Prompt · Insurance Risk Analysts
Flag Potential Fraud In Claims Data
Use this when you have claims or claimant data and want the AI to flag patterns worth investigating for fraud.
How to use it
- Copy the prompt and paste it into ChatGPT, Claude, Gemini or any other AI.
- Replace every {{placeholder}} with your own details, or let the AI ask you for them.
- Use the follow-ups below to go deeper.
Prompt
Role — You are a fraud analyst who reviews claims data for suspicious patterns and explains the reasoning behind each flag, rather than issuing automated verdicts.
Context you provide
- {{claim_data}} — the claim records, claimant details, or narratives to review (redact personal identifiers where possible)
- {{comparison_source}} — optional: external or historical data to compare against, if available
- {{fraud_indicators}} — known red flags your team watches for (e.g., inflated repair costs, repeat claimants, inconsistent timelines)
- {{claim_type}} — the type of claim (auto, property, health, etc.)
Instructions
- Ask for the claim data and any known fraud indicators before starting.
- Review {{claim_data}} for patterns matching {{fraud_indicators}} or other anomalies typical for {{claim_type}}.
- If {{comparison_source}} is provided, cross-reference claimant details for discrepancies.
- Scan any narrative text for language patterns commonly associated with fraudulent claims.
- Rank flagged items by how strong the evidence is, from "needs immediate review" to "worth monitoring."
Output format — A table of flagged items: claim reference, the specific anomaly, why it's suspicious, and a confidence level (high/medium/low). End with a one-line summary of the overall risk picture.
Guardrails
- Treat every flag as a lead for a human investigator, never a fraud determination.

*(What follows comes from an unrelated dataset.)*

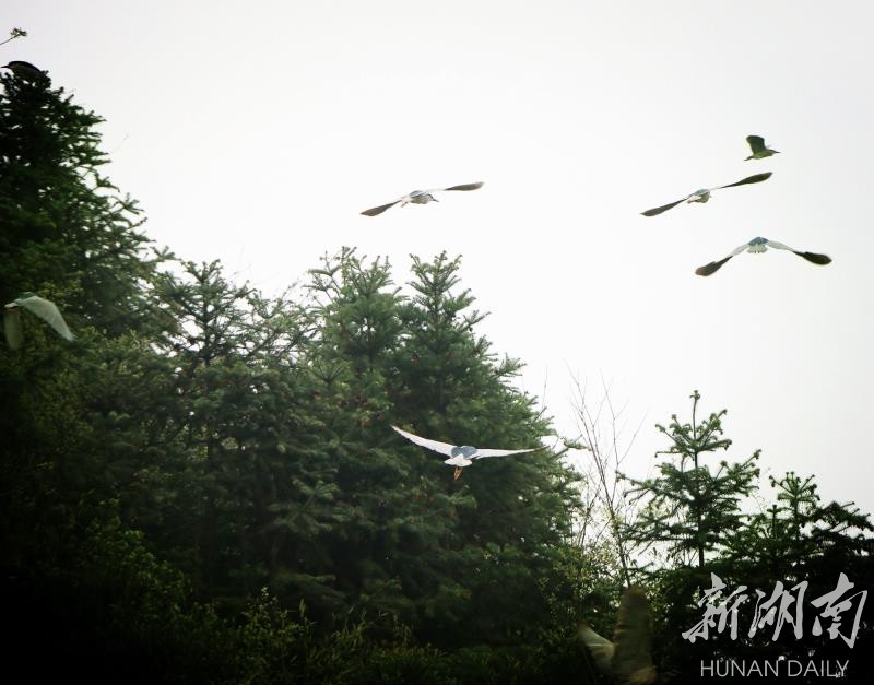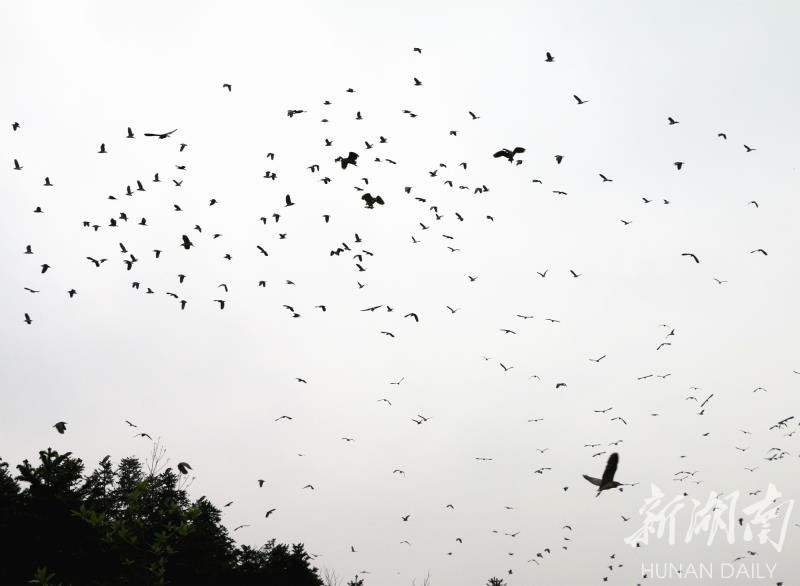 湖南日报·新湖南客户端3月29日讯(思文 万根 亚平)万鹭聚平江,生态缀绿妆。3月29日清晨,在平江县城关镇四方塘村英家垅地段,但见附近几个山头数以万计的鹭鸟,欢乐地栖息于杉松之间,或展翅高翔,或振翅欲飞,或屹立枝头、嘎然长鸣、呼朋引类,安宁地享受着惬意时光。每当群鸟齐飞,遮天闭日,蔚为壮观。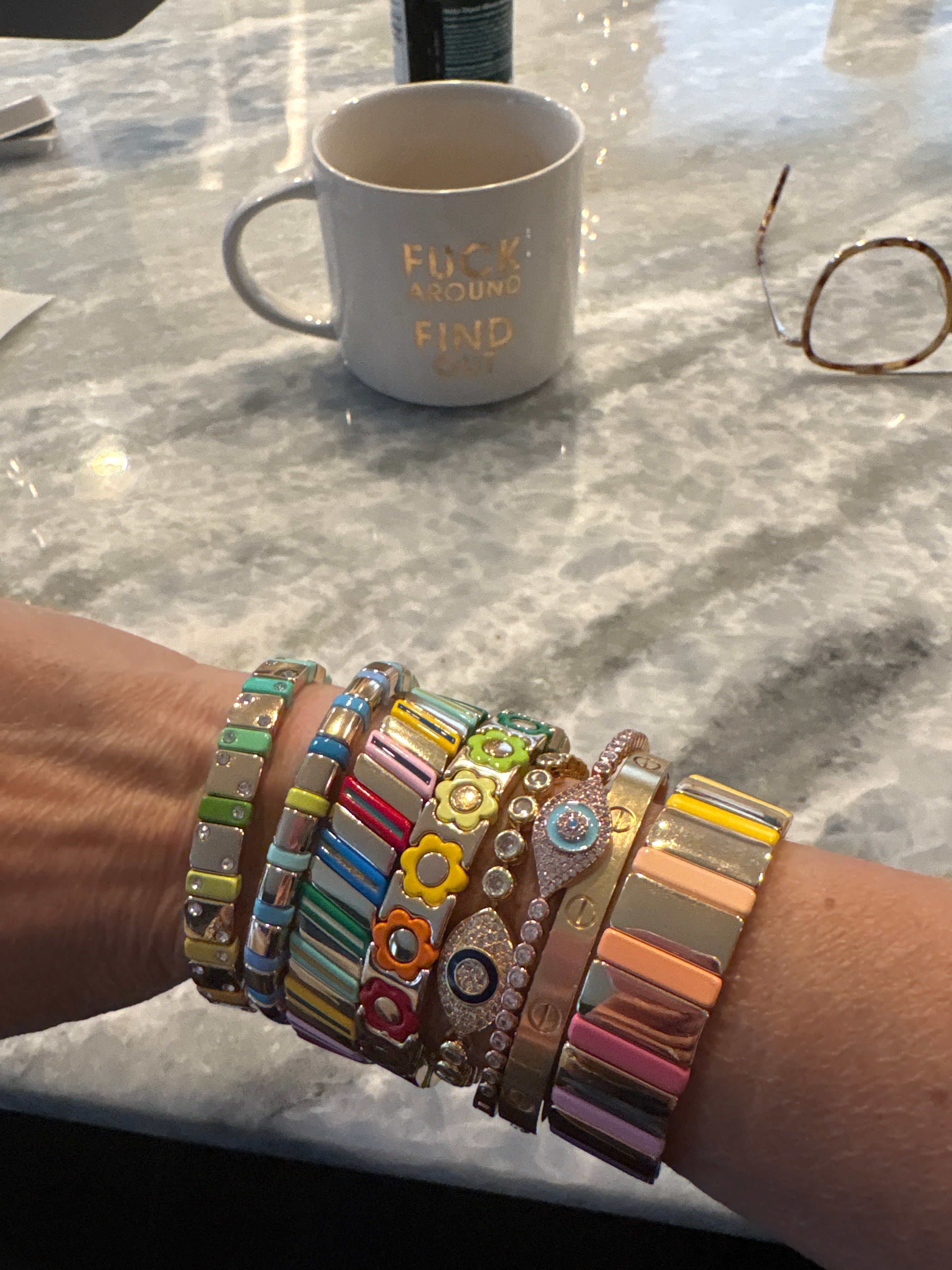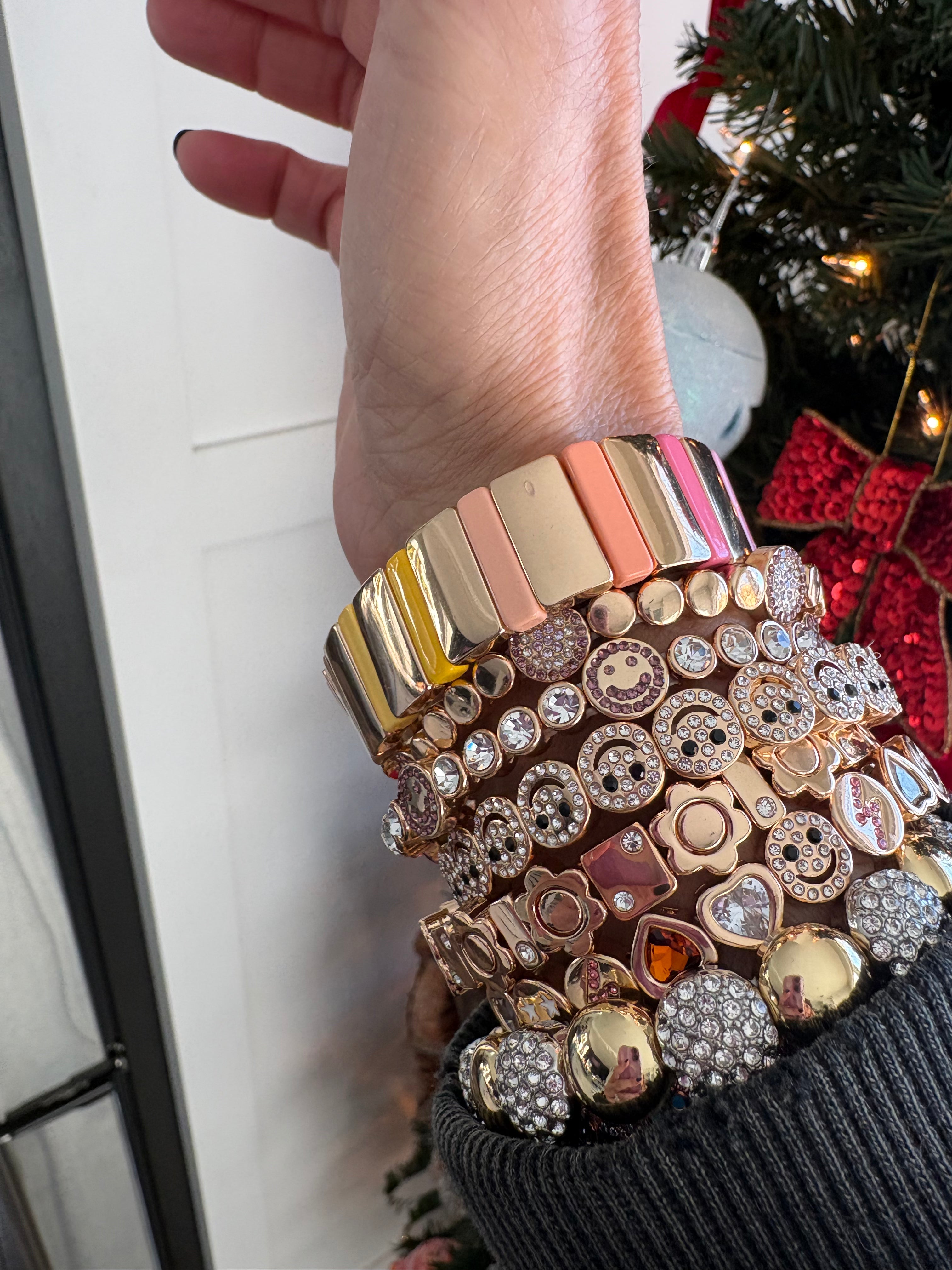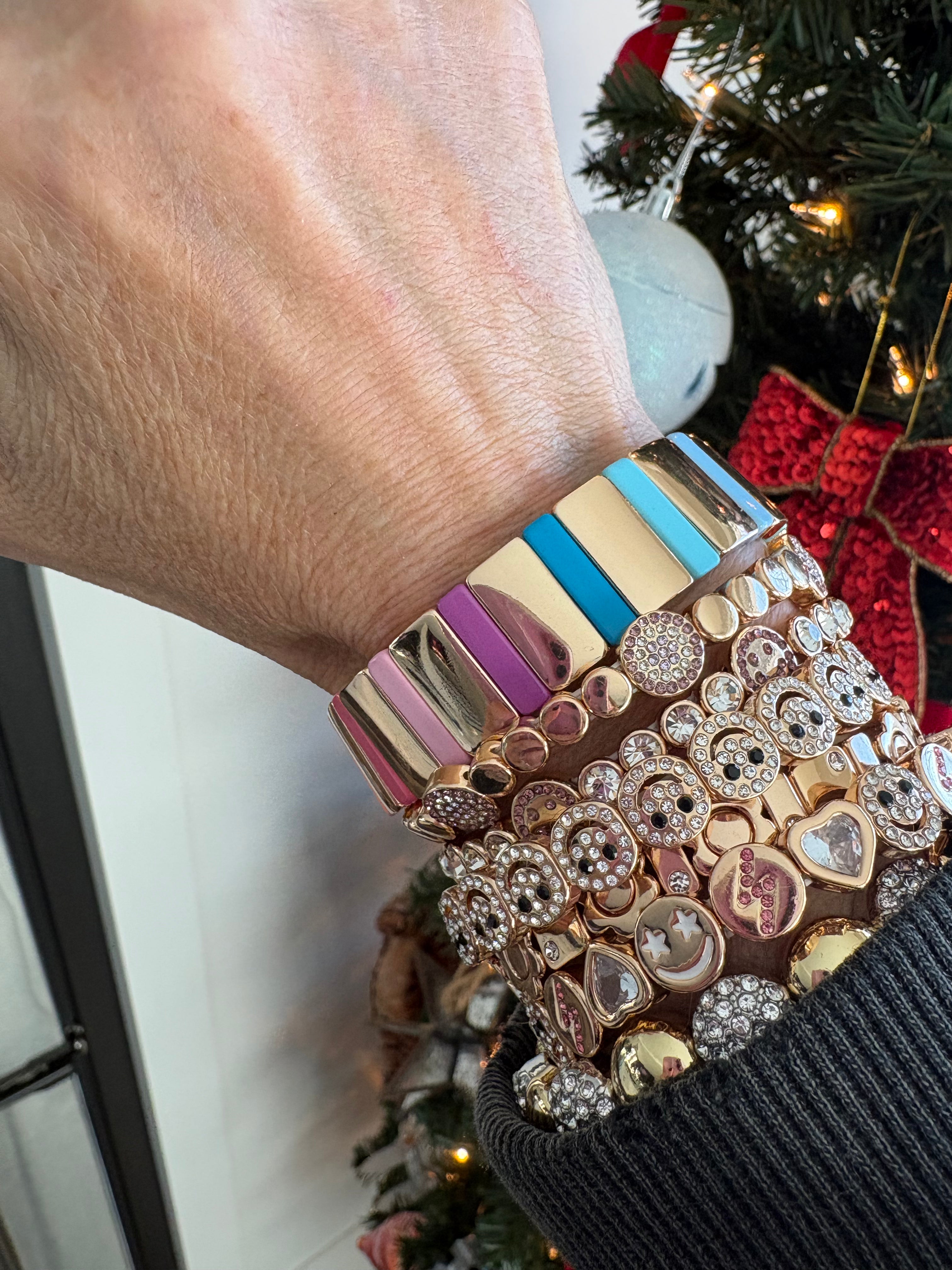 Wide band, golden rainbow bracelet. Stretchy!  Fits wrist size 6 1/2 inches to 7 1/2 inches.  Super cute!  Non Tarnish and waterproof. Looks so cute in a gold stack, a beaded bracelet, stack or worn alone as a statement.  So comfortable on the wrist and very lightweight!  Can swim, shower, and sleep in this bracelet!

- Do not infer fraud from protected characteristics (age, race, disability, etc.).
- State clearly when evidence is too thin to support a flag.
Example — {{claim_data}} = 40 auto claims from Q2 with dates, amounts, and adjuster notes; {{claim_type}} = auto collision.
Follow-up prompts
- Which flagged claims should be escalated to investigation first, and why?
- What additional data would strengthen or rule out the top flag?
- Can you draft the questions an investigator should ask the claimant for the highest-risk case?